In Congressional 6 (Western MD), naturally all hands should turn out for pro-gun incumbent Roscoe Bartlett. He faces no serious threat, but let’s not take chances. He remains deserving of our stongest support. Give it!
In Congressional 4 (gerrymandered central MD district), long-time incumbent Al Wynn’s reign may be coming to a close. Or not, depending on what pundit you ask. He just barely dodged the bullet in 2006, as Donna Edwards’ bid in the Dem primary surprised everyone with a strong challenge. This year she’s mounting a stronger campaign, with more funding and experience. The flip side is that Wynn’s earlier near-death experience clearly inspired him to two hard years of working in his district to reinforce his defenses. Normally we’d recommend that all hands vote for the challenger against an anti-gunner, but it isn’t clear that Edwards wouldn’t be a lot worse. Don’t spend here, but pull for Wynn, let us know you did, and maybe he can be reminded at a suitable moment that gunowners saved his hide.

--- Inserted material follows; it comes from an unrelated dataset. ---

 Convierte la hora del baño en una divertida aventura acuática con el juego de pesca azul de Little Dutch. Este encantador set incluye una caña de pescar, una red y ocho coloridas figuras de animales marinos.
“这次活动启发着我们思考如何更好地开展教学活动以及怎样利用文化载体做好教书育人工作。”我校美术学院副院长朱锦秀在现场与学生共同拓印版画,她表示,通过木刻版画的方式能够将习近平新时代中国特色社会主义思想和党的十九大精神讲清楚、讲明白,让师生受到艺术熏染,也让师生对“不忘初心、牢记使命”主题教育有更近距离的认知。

Congressional 1 (chiefly eastern shore) gives us an interesting GOP primary. Wayne Gilchrest is a representative whose constituent service and bond with his base kept him the incumbent for years. Long-time readers also know it was his position on some gun legislation years ago that kept us backing his challengers – unsuccessfully. In recent years we’ve worked hard to persuade Gilchrest on the merits of our positions, and with some success. From an engineering perspective, this made sense, since it is far cheaper to persuade rather than replace an incumbent.

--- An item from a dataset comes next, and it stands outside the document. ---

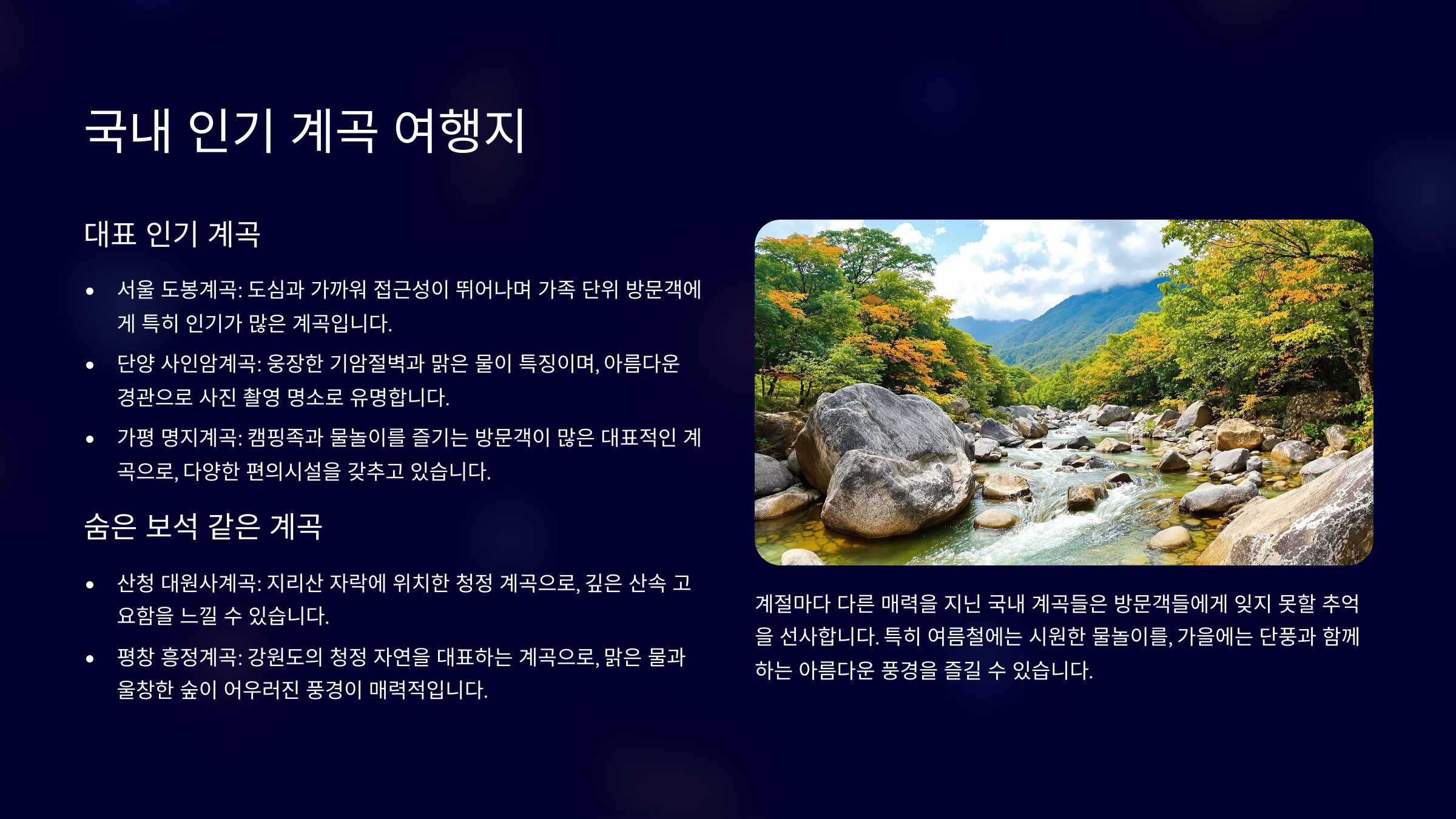 우리나라에는 사계절 내내 아름다운 자연을 간직한 계곡이 많아요. 특히 여름철에는 무더위를 식히기 좋은 명소들이 전국 각지에 흩어져 있어서, 누구나 가까운 곳에서 자연을 즐길 수 있답니다. 오늘은 꼭 한번 가봐야 할 인기 계곡들을 지역별로 소개해볼게요. 🗺️

And so it was with mixed feelings that we learned that Gilchrest would be challenged by Andy Harris, presently the state senator for District 7 (parts of Baltimore and Harford Counties.) In 1998 Harris was our candidate to take out the anti-gun incumbent there, and indeed gunowners made the difference in that race (as in each race since.)

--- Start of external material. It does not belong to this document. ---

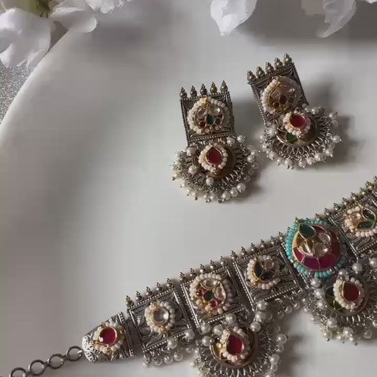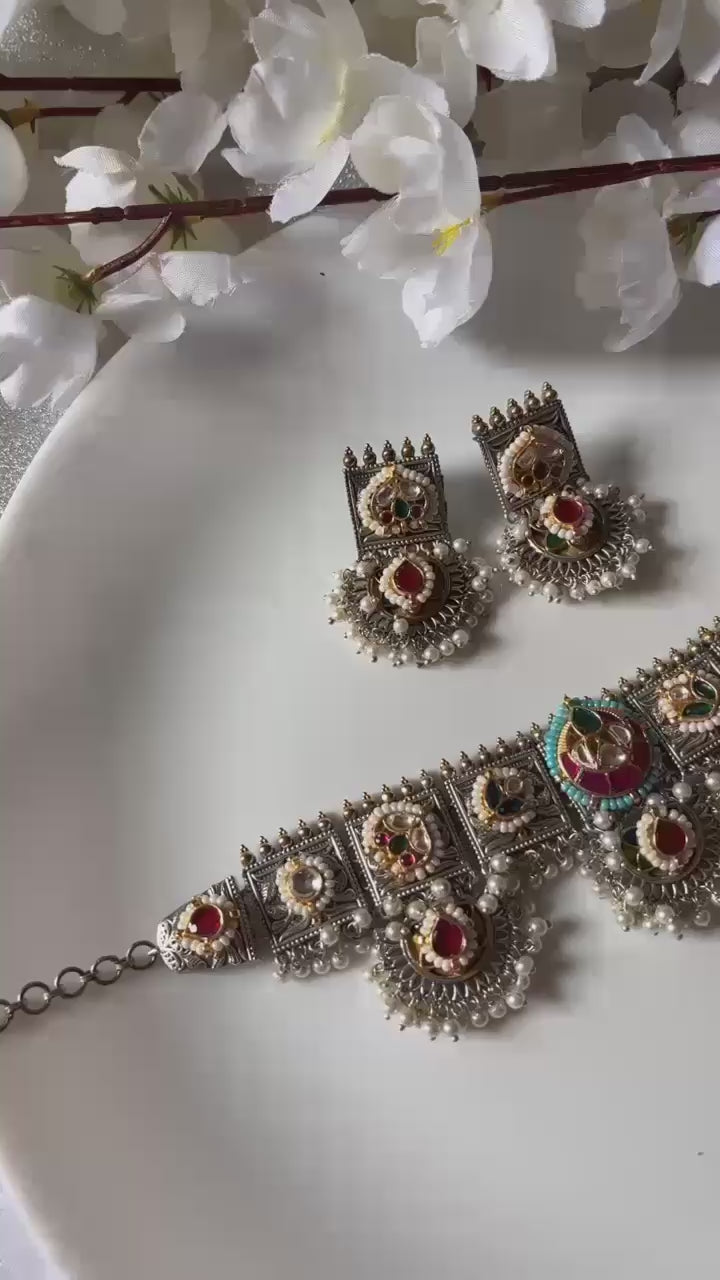 Add a touch of royal elegance with Alankrent Luxe’s SLA Necklace Set, a stunning fusion of antique silver artistry and traditional Kundan craftsmanship.

If Harris had been our guy, then why mixed feelings? Andy has shown us he lacks what it takes to faithfully work with the community or put the interests of our cause first. He has voted pro-gun in the General Assembly and we do not foresee this changing. But stewardship is more than just votes, and he has demagogued guns to the community’s detriment, apparently to serve partisan needs. When gun advocates worked hard to avoid bruising legislative fights we could not win in Annapolis, we have watched the Harris operation fan flames of controversy behind the scenes trying to precipitate confrontation. (One staff member expressed to us the theory that a semi-auto ban enacted just before elections would be good for mobilizing gunowners to help the GOP smite Democrats.) Harris declined to push pro-gun tactics for fear of exposing the Ehrlich administration as weak on gun issues, yet in the 2006 election he needlessly picked a fight with the NRA for having endorsed pro-gun Democrats in other districts.
We appreciate Harris’ senate vote, but not his partisanship. His actions make clear that he thinks issue groups owe him, not the other way around. Harris may grow into the job, and if so we’ll cheerfully work with him in Annapolis, but until he gives the cause its due, we’d rather advance someone else to Congress.
So … Gilchrest or Harris? Our decision got easier when EJ Pipkin recently entered the race. In 2002 we backed EJ against an incumbent member of Senate leadership, Walter Baker, who had made one too many deals to enable gun control. We have never regretted that endorsement. EJ won and has worked with us ever since. His door is always open to a constituent, and he has been our go-to Senator on a host of issues, not least of which range protection. He lives on the Eastern shore he has represented in the Senate, and understands locals’ needs (especially when it comes to the bay.) We give EJ Pipkin our strongest endorsement for Congress in District 1.
No senators’ terms are up this year, and the remaining Congressional races aren’t really races. (Some incumbents don’t have even token opposition in the primary, and the rest have no credible opposition in the general.)
Right now it looks like Maryland will be largely irrelevant in the Presidential primary. The unprecedented schedule may have our primary earlier than ever, but we’re still way back in the pack. The shakeout may take place not long after you receive this month’s Tripwire. On one side you have your choice of domestic enemies of the Constitution and Bill of Rights. On the other you have either weak candidates who are strong on guns or strong candidates who are weak on guns. In Presidential races, save your money and energy to when it can make a difference in the future.